Prof. Weihua Li | Corrosion Control | Best Researcher Award
PHD at Ocean University of China, China
Prof. Dr. Weihua Li is an esteemed academic leader, serving as the Academic Vice Principal at North China University of Water Resources and Electric Power. With a Ph.D. in Marine Chemistry, she is a Level-2 distinguished professor and a renowned expert in corrosion protection and durability enhancement of infrastructure. Her pioneering research has led to breakthroughs in self-healing coatings and corrosion inhibition technologies, applied in major projects like the Hong Kong-Zhuhai-Macao Bridge. Prof. Li’s exceptional contributions, including over 230 academic papers and 80 patents, have earned her prestigious awards and recognition as a leading figure in marine engineering and corrosion science.
Professional Profiles:
Education
Ph.D. in Marine Chemistry, Ocean University of China Master’s in Analytical Chemistry, Qingdao University of Science and Technology Bachelor’s in Industrial Analysis, Qingdao Institute of Chemical Technology
Professional Experience
Academic Vice President, North China University of Water Resources and Electric Power Chief Scientist, Institute of the Chemistry of Henan Academy of Sciences Dean, Distinguished Professor, School of Chemical Engineering and Technology, Sun Yat-sen University Visiting Scholar, Technische Universität München, University of Manchester
Major Academic Achievements
Pioneered the theory of “targeted corrosion inhibition” Developed innovative techniques applied in significant infrastructure projects Published 8 monographs and over 230 academic papers Obtained 80 authorized national invention patents and contributed to industrial standards:
Awards & Honors
Recognized by national and provincial awards for outstanding scientific contributions and innovation leadership
Main Research Interests
Corrosion mechanism and theoretical innovation Durability of reinforced concrete structure Self-healing coating and theoretical innovation Corrosion inhibition technology and theoretical innovation Photocathodic protection and theoretical innovation
Research Focus:
Based on the provided publications, Dr. Weihua Li’s research focus primarily revolves around the development and application of advanced machine learning and deep learning techniques for fault diagnosis and condition monitoring of mechanical systems, particularly in the domain of rotary machinery. Her work spans various areas such as multisensor feature fusion, deep transfer learning, state-of-charge estimation of lithium-ion batteries, convolutional neural networks (CNNs), recurrent neural networks (RNNs), and adversarial transfer networks. Dr. Li’s contributions significantly advance the field of intelligent fault diagnosis by addressing challenges in feature extraction, domain adaptation, and compound fault diagnosis, ultimately enhancing the reliability and efficiency of machinery health monitoring systems.
Publications
- A perspective survey on deep transfer learning for fault diagnosis in industrial scenarios: Theories, applications and challenges, cited by: 385, Publication: 2022.

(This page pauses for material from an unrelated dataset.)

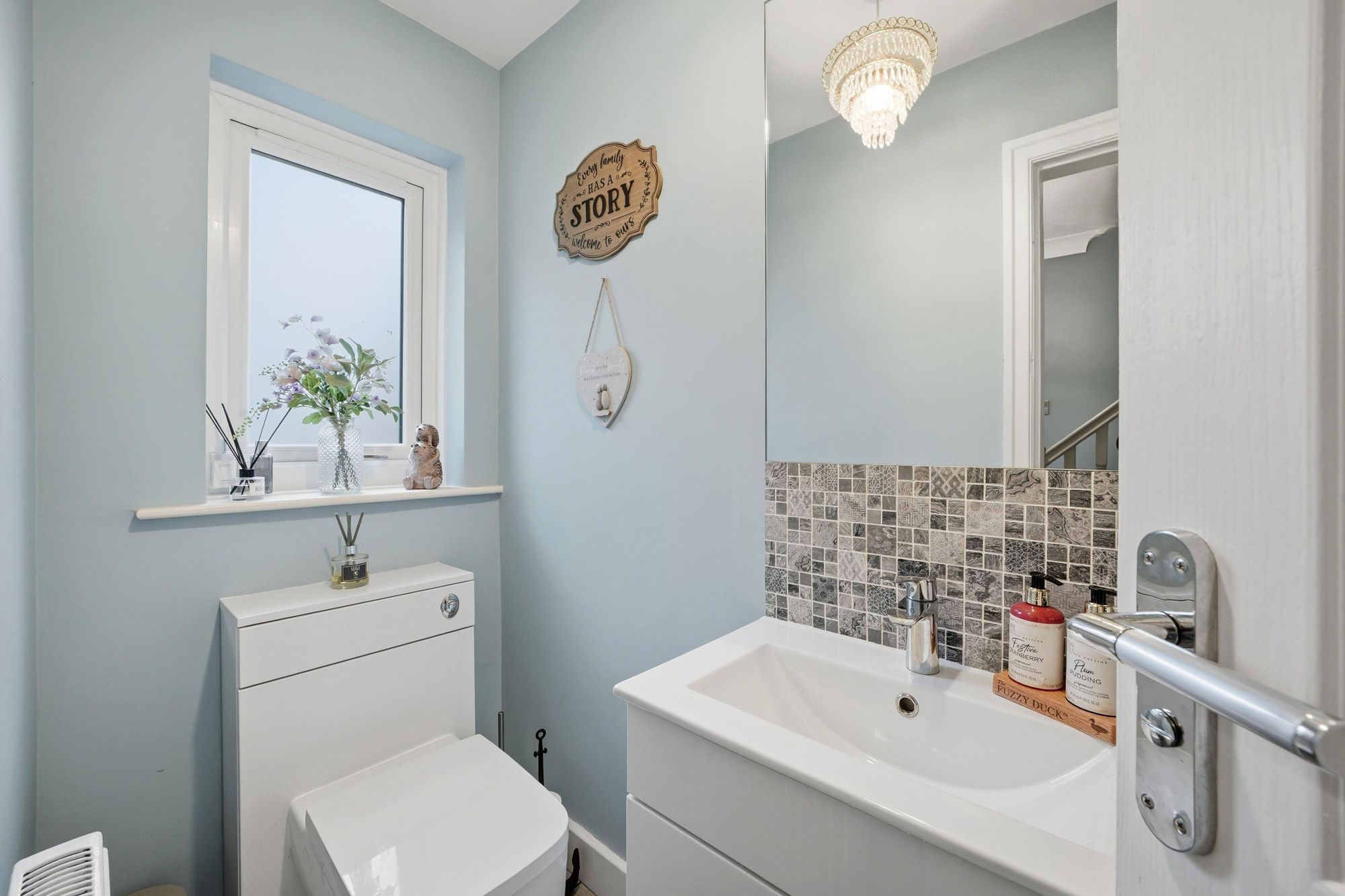 With frosted pvcu double glazed window, ceiling light point, central heating radiator, tiled floor and fitted with a suite comprising vanity unit incorporating wash basin with chrome monobloc tap and tiled splashbacks together with a low flush wc with concealed system.

- A deep learning method for bearing fault diagnosis based on cyclic spectral coherence and convolutional neural networks, cited by: 334, Publication: 2020.
- State-of-charge estimation of lithium-ion batteries using LSTM and UKF, cited by: 256, Publication: 2020.
- Domain adversarial transfer network for cross-domain fault diagnosis of rotary machinery, cited by: 190, Publication: 2020.
- A two-stage transfer adversarial network for intelligent fault diagnosis of rotating machinery with multiple new faults, cited by: 136, Publication: 2020.
- Deep semisupervised domain generalization network for rotary machinery fault diagnosis under variable speed, cited by: 135, Publication: 2020.
- A novel weighted adversarial transfer network for partial domain fault diagnosis of machinery, cited by: 123, Publication: 2020.
- Deep adversarial capsule network for compound fault diagnosis of machinery toward multidomain generalization task, cited by: 121, Publication: 2020.
- A deep adversarial transfer learning network for machinery emerging fault detection, cited by: 96, Publication: 2020.
- A robust weight-shared capsule network for intelligent machinery fault diagnosis, cited by: 96, Publication: 2020.